Friday, September 14, 2007

The lady in the picture.


Anna Lauyse Markheim died about one year ago now. Since then, I've wrestled with every emotion time and again. I've wailed like a baby, I've shrugged it off as a past concern. I've wondered endlessly what it would be like were she alive today, if she could see my children, watch Malcolm in his first year as a kindergartner, or see Chloe draw amazing illustrations with her left hand. Stephanie and I are trying to have another baby now. My brother Ryan and his wife Heather are already expecting, with three-dimensional sonogram images that would absolutely amaze Mom, could she view them as I have. Ryan recently visited the little riverbank where, on his 28th birthday, he and I buried her ashes last year in a bed of flower bulbs. He held up his cell phone and played the audio recording of his baby's heartbeat to her.

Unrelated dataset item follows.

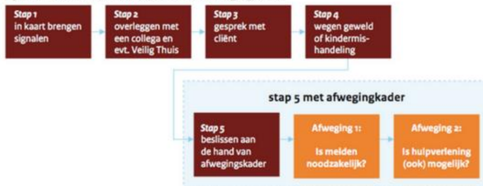
Figuur 2: Nieuwe situatie: Meldcode met afwegingskader

De Meldcode in relatie tot het beroepsgeheim en het meldrecht kindermishandeling en huiselijk geweld. Zie bijlage 2 voor de verantwoordelijkheden van Nutsschool M.M. Boldingh.

There's a lady who surrounds me and my family. She's in pictures all around. One depicts her dancing with me on my wedding day, the happiest day I've ever known. Another shows the two of us on a family vacation to the United Kingdom, shoulder to shoulder along the Cliffs of Dover. It wasn't supposed to be like this. Ryan and I were unabashedly close to Mom. We did everything together. She packed my high school lunches with the kind of thoughtfulness only a mother knows, and I ate them without embarassment, despite teenage insecurities. She was never a friend - she was always my parent, but one in whom I could confide the world. And now all I have is the lady in the picture, and my memories.

My children will know her through me, as will Ryan's through him. And in that sense, she will live on, though I'll always harbor a sadness for having lost her so soon. Malcolm has the faintest memories of his Nana. Chloe perhaps none at all, and our next baby will only know a name and a tale. But it's something.